● Required action
Nothing after the line with "Punjab News Live: Stay" belongs in the copy; extract the lines below from the top through that line, pictures left out.

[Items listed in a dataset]

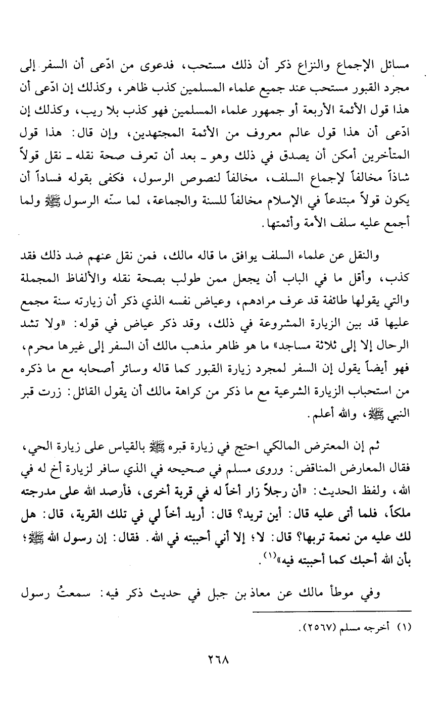 والنقل عن علماء السلف يوافق ما قاله مالك، فمن نقل عنهم ضد ذلك فقد كذب، وأقل ما في الباب أن يجعل ممن طولب بصحة نقله والألفاظ المجملة والتي يقولها طائفة قد عرف مرادهم، وعياض نفسه الذي ذكر أن زيارته سنة مجمع عليها قد بين الزيارة المشروعة في ذلك، وقد ذكر عياض في قوله: "ولا تشد الرحال إلا إلى ثلاثة مساجد" ما هو ظاهر مذهب مالك أن السفر إلى غيرها محرم، فهو أيضاً يقول إن السفر لمجرد زيارة القبور كما قاله وسائر أصحابه مع ما ذكره من استحباب الزيارة الشرعية مع ما ذكر من كراهة مالك أن يقول القائل: زرت قبر النبي صلى الله عليه وسلم، والله أعلم.
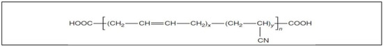 The tracer was required to be both compatible with the bitumen and distinguishable from the bitumen without affecting its characteristics. CTBN (Lanzhou Petrochemical Co., Ltd., Lanzhou, Gansu, China) was utilized as the tracer; the chemical formula of CTBN is shown in Figure 1. The density of CTBN is 0.950 g/cm3, which is nearly the same as that of bitumen. In addition, CTBN is highly compatible with bitumen and does not produce a chemical reaction.
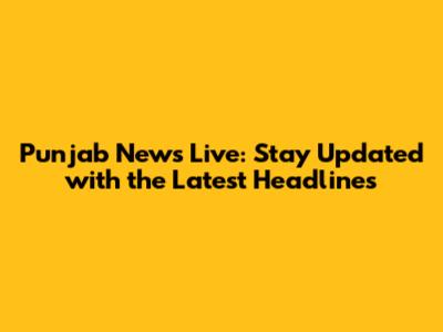 Punjab News Live: Stay Updated With The Latest Headlines
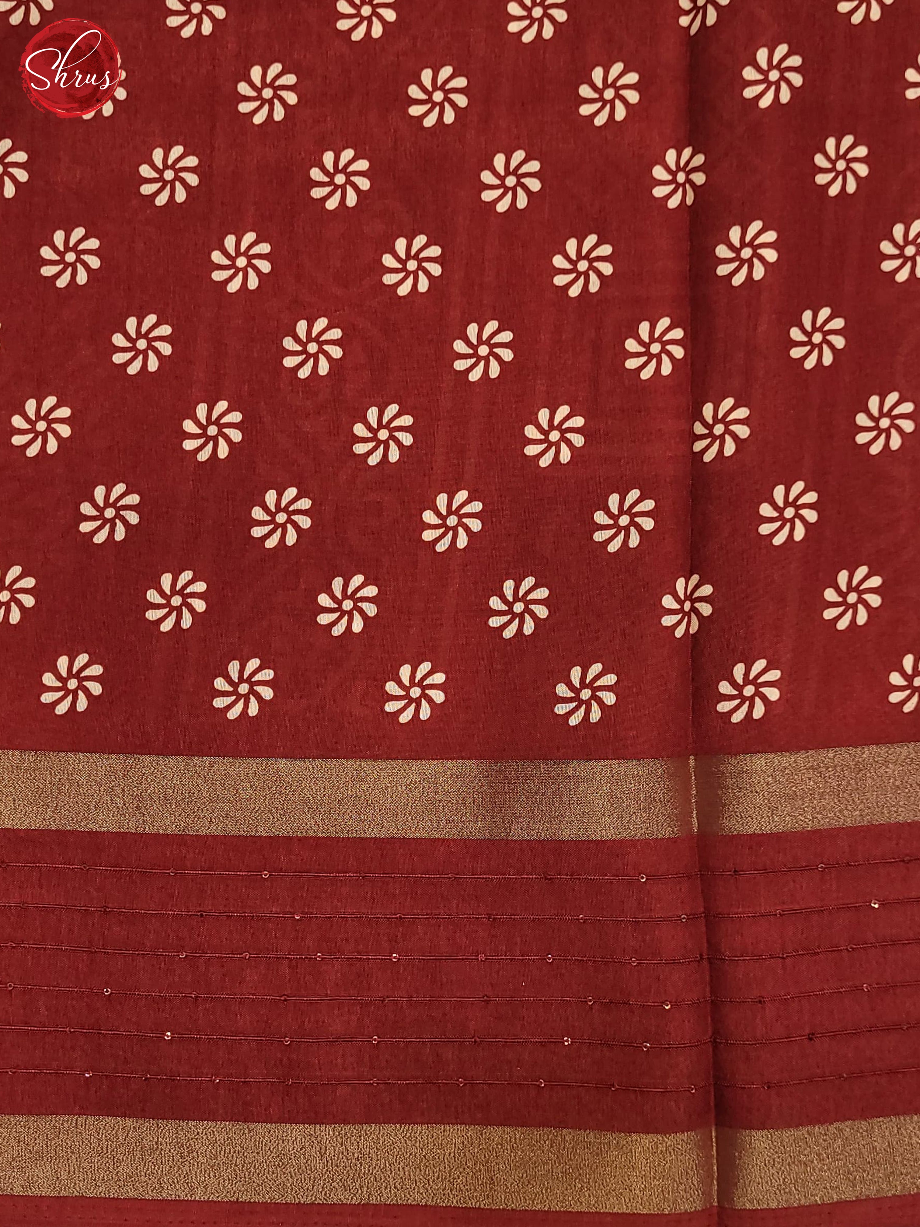 Pretty Red Semi Crepe Saree enchants with floral print on the body & bounded with self zari border & pallu compliments beautifully Comes with self blouse with border gives a perfect finish
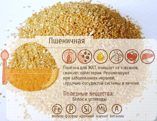 А ведь еще не весь список полезных элементов. Пшеничная крупа, отличительно от муки, содержит очень много клетчатки, что является незаменимым предметом для здоровья кишечника. Эта клетчатка выводит из человека токсины и фрагменты лекарственных элементов, она помогает управиться с запорами и благоприятствует похудению.
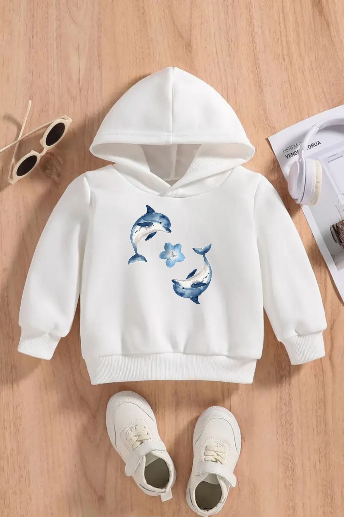 Çocuk Beyaz Kapüşonlu Sweatshirt – 2LI YUNUS Baskılı, Şardonlu Kalın Kumaş
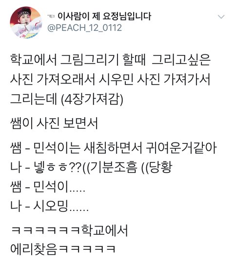 새침하고 귀여운 민석이ㅋㅋㅋㅋㅋㅋㅋㅋㅋㅋ선생님 즐덕하세요!!!

● Task output
 والنقل عن علماء السلف يوافق ما قاله مالك، فمن نقل عنهم ضد ذلك فقد كذب، وأقل ما في الباب أن يجعل ممن طولب بصحة نقله والألفاظ المجملة والتي يقولها طائفة قد عرف مرادهم، وعياض نفسه الذي ذكر أن زيارته سنة مجمع عليها قد بين الزيارة المشروعة في ذلك، وقد ذكر عياض في قوله: "ولا تشد الرحال إلا إلى ثلاثة مساجد" ما هو ظاهر مذهب مالك أن السفر إلى غيرها محرم، فهو أيضاً يقول إن السفر لمجرد زيارة القبور كما قاله وسائر أصحابه مع ما ذكره من استحباب الزيارة الشرعية مع ما ذكر من كراهة مالك أن يقول القائل: زرت قبر النبي صلى الله عليه وسلم، والله أعلم.
 The tracer was required to be both compatible with the bitumen and distinguishable from the bitumen without affecting its characteristics. CTBN (Lanzhou Petrochemical Co., Ltd., Lanzhou, Gansu, China) was utilized as the tracer; the chemical formula of CTBN is shown in Figure 1. The density of CTBN is 0.950 g/cm3, which is nearly the same as that of bitumen. In addition, CTBN is highly compatible with bitumen and does not produce a chemical reaction.
 Punjab News Live: Stay Updated With The Latest Headlines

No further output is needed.